I Bring it all to Him


January 24, 2015


I have cried and felt like crying all day today. I don't know why, but God often brings me to the bathroom to meet with Him. I found myself weeping in my bathroom today (don't worry, it was clean), kneeling at the toilet, my face on the toilet seat lid and my chest heaving so many tears.

Now, for those of you who know me, this would not come as a surprise. But this was the first day like that for me since I arrived in Uganda.

Today the weight of what God has called me to was too heavy today - I was filled with loneliness and despair and overwhelmed by just how much pain and suffering I see around me. I guess part of it was compassion, but the other part was the devil trying to bite at me again and try to get me to listen to him instead of Him (God).

And it was in that crying that God began to speak:

Me: God, I can't do this.

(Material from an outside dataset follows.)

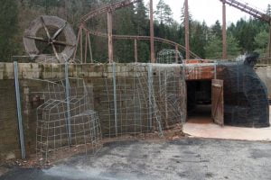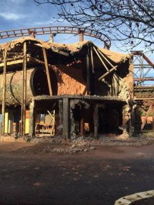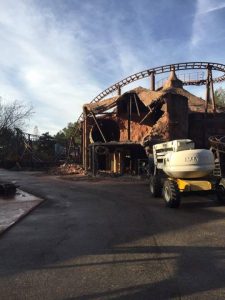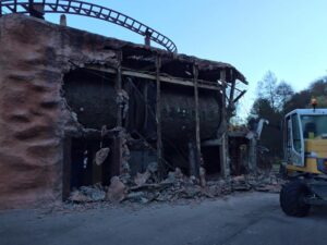 La démolition du rocher a nécessité le démontage complet de la mine d’or qui ferme pour la seconde fois dans l’histoire du parc. Quand le destin s’acharne !
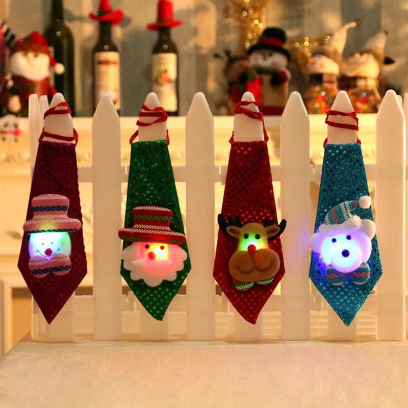 Christmas Cartoon Flashing Santa Claus Snowman Elk Ties Led Lighting Up Kids Toys for Children New Years Festival Rave Gifts

It's too heavy.
God: I gave you this opportunity. You were obedient. You said yes. I love you. I didn't promise you that the call would be easy - I promised that I would be with you through it.

Then a song from one of my favourite bands came to mind: "I Bring it to You"

"I bring it to You
There's wonder in all that You do
I bring You the scraps that make up my soul
And You make me whole
I'm Yours"

This line stood out:

"I bring You the scraps that make up my soul, and You make me whole"

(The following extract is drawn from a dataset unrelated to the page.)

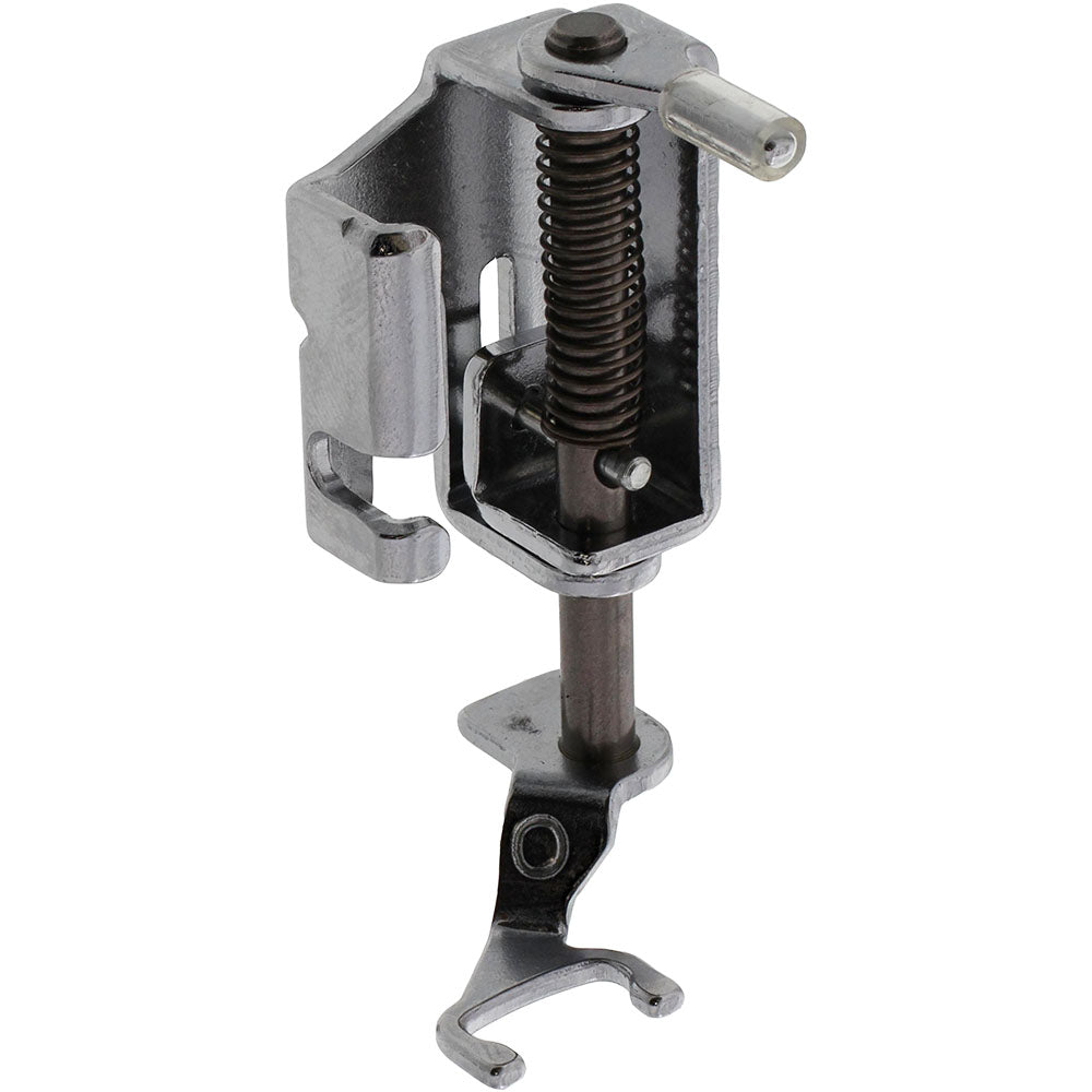 The Free Motion Spring Foot gives clear visibility when doing free motion quilting or embroidery. The spring action keeps the fabric from lifting with the needle as the stitch is being formed which helps eliminate thread breakage with specialty or heavier threads. Be sure to use the appropriate needle for the thread you are using.

Sometimes all we have to offer God are the scraps of our soul. But the god thing is that He is the one who can make us whole again.

It is when I get to the end of my strength that God shows just how strong He is. And if me being in Uganda has little to do with ME  but all to do with my HEAVENLY FATHER, then of course it makes sense that I surrender all the pieces of me to Him. "He is able to do exceedingly, abundantly above all we could ever ask or imagine." He makes up for in spades all that I lack. And boy do I lack.

Today was not a great day emotionally for me, but God is still here with me, leading me through the times where I start taking on the burdens I see around me instead of giving them to Him.